[Work item]: Repeat the data that follows, word for word, without the images.

[Data section]:
+--

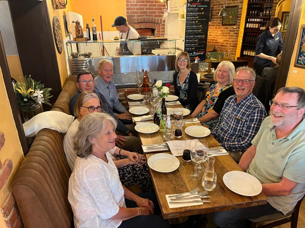 After pre-dinner drinks in the hotel we set off across Caterbury in a warm evening to the Posillipo Italian Restaurant for a delightful supper and a stroll back through the city, past the floodlight cathedral to the hotel.
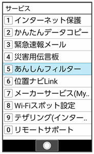 あんしんフィルター画面が表示されます。
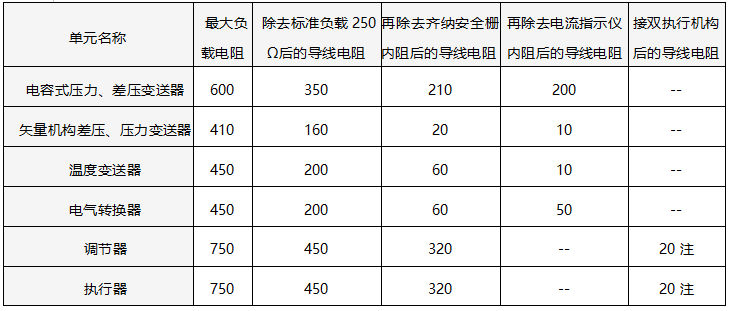 20世紀80年代,上海自動化儀表一廠針對其生產的DDZ-Ⅲ型電動單元組合儀表的變送器、調節器、電氣轉換器、操作器等單元,在最低供電電壓(22.8V)時允許的導線電阻,曾列過一個表格供用戶參考,表后還注明:“如果系統設計時導線電阻不超過上表,則信號電流在4-20mA范圍內,都能保證傳送的精度不變。”由于其還有現實意義,特把此表格提供如下:

+--

[Output]:
 After pre-dinner drinks in the hotel we set off across Caterbury in a warm evening to the Posillipo Italian Restaurant for a delightful supper and a stroll back through the city, past the floodlight cathedral to the hotel.
 あんしんフィルター画面が表示されます。
 20世紀80年代,上海自動化儀表一廠針對其生產的DDZ-Ⅲ型電動單元組合儀表的變送器、調節器、電氣轉換器、操作器等單元,在最低供電電壓(22.8V)時允許的導線電阻,曾列過一個表格供用戶參考,表后還注明:“如果系統設計時導線電阻不超過上表,則信號電流在4-20mA范圍內,都能保證傳送的精度不變。”由于其還有現實意義,特把此表格提供如下:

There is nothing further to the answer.